Experiment 1: ONNX Runtime Web + Whisper

Our first implementation worked functionally, but several constraints showed up fast.

1) Model size vs user experience

Large Whisper models are too heavy for first-run web UX. Smaller models are faster, but accuracy drops on real meeting audio.

That creates a hard tradeoff:

  • accuracy model: too large to load comfortably
  • lightweight model: not accurate enough for production transcription

2) SharedArrayBuffer and cross-origin isolation

To get practical performance with threading, we needed SharedArrayBuffer, which requires:

  • Cross-Origin-Opener-Policy: same-origin
  • Cross-Origin-Embedder-Policy: require-corp

Enabling these headers broke multiple existing assumptions around third-party assets and static hosting setup. We eventually got this working, but the deployment surface became much more complex than expected.

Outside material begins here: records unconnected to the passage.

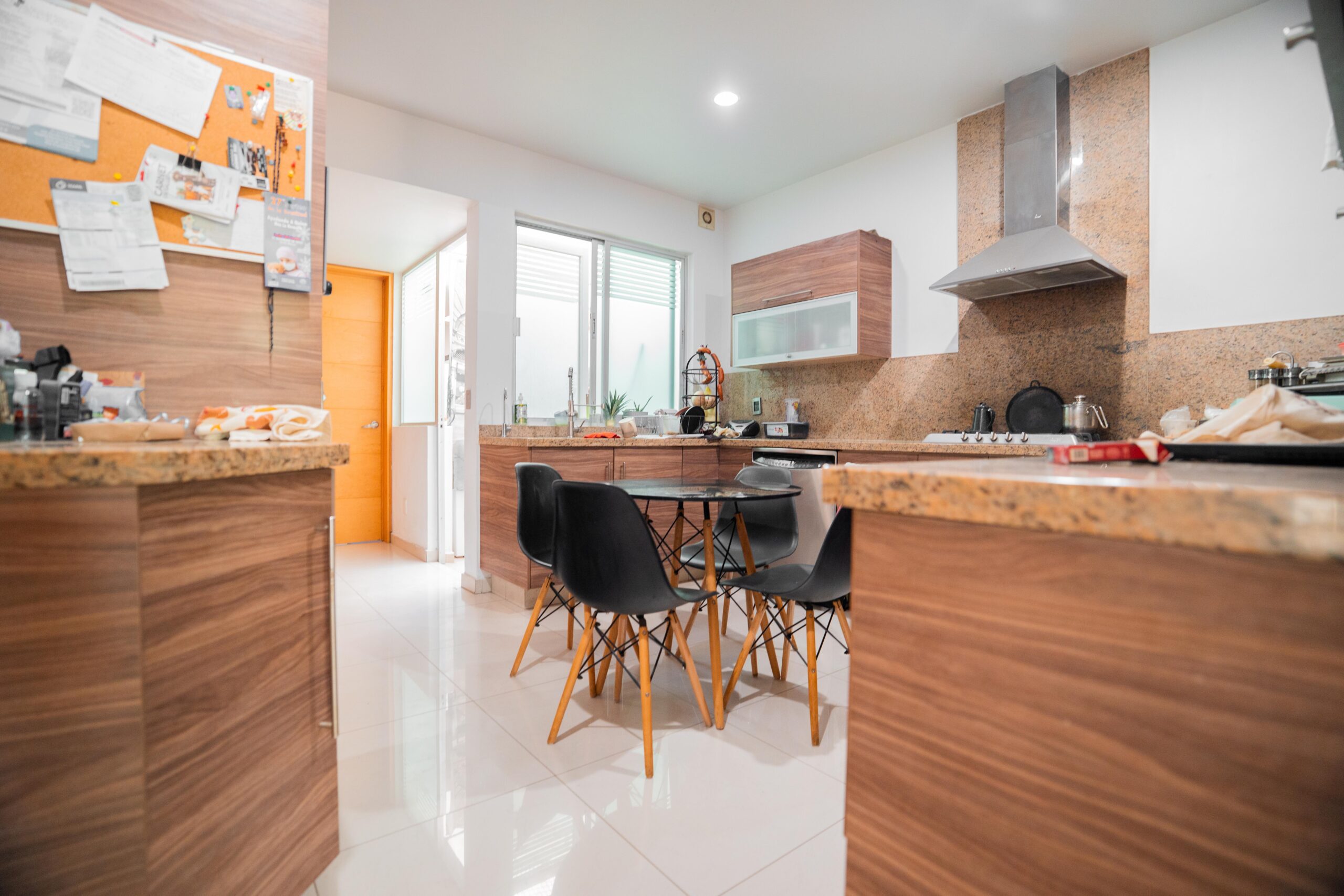 Dispone de 5 recámaras, 2 de ellas con vestidor y baño completo, además de estudio, cuarto de servicio y patio de servicio. Las áreas sociales se integran de manera armoniosa con la terraza y el jardín, ideales para la convivencia diaria.
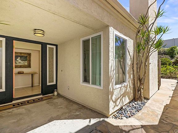Experience the charm and comfort of this stunning single-story home, perfectly situated within the gated Fairway Heights North community of Rancho Bernardo. Positioned on the highest street with no rear neighbors, this home offers many upgrades such a newer roof and an unmatched level of privacy. As you enter, you're welcomed by soaring vaulted ceilings in the living room, where natural light pours in, highlighting a cozy fireplace that anchors the space. The kitchen features upgraded maple cabinetry, sleek granite countertops, and stainless steel appliances, along with abundant storage. A delightful sunroom, complete with a skylight and retractable shade, provides additional living space and architectural flair, making it the perfect spot to unwind. The tranquil primary suite is a true retreat, offering a spacious bedroom with newer flooring, a walk-in closet, and a recently remodeled ensuite bathroom, designed as a personal oasis. Other notable upgrades include newer flooring in the second bedroom, freshly painted living room and a beautifully renovated guest bathroom. Outside, the low-maintenance backyard is ideal for al fresco dining and entertaining. Residents of this home will enjoy access and to the top-rated Poway Unified School District, with no Mello-Roos fees. The HOA covers front yard maintenance and includes membership to the Bernardo Heights Community Recreation Center, offering pools, tennis courts, and a clubhouse. Conveniently located close to the schools, shopping, dining and freeway access. This home combines luxury, convenience, and a prime location. Don’t miss out on this exceptional opportunity!
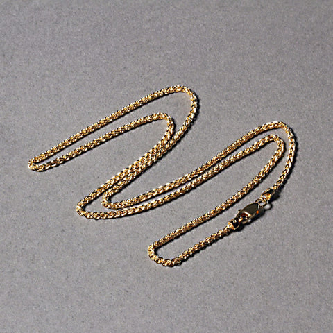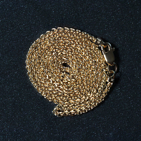 This round wheat chain comes in 14k yellow gold and has a width of 1.5 millimeters.
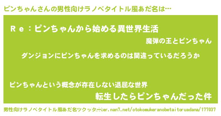 | ヘコむあだ名 | 『ピンを』『ピンちゃん(遠い目)』 |

Experiment 2: Streaming with sherpa-onnx

We also tested sherpa-onnx for streaming behavior. Latency characteristics were promising, but we still faced:

  • bundle and model size concerns
  • cross-origin isolation requirements
  • uneven quality on Korean technical meeting audio

So even though the runtime model was attractive, the end-to-end product constraints remained.

Performance Reality

In practice, real-time experience depended heavily on hardware class:

  • desktop: acceptable for some model sizes and configs
  • mobile: often too slow for a smooth live transcript

For our use case (live meeting capture), users care most about immediate feedback. Delayed "better" text is useful, but not enough by itself.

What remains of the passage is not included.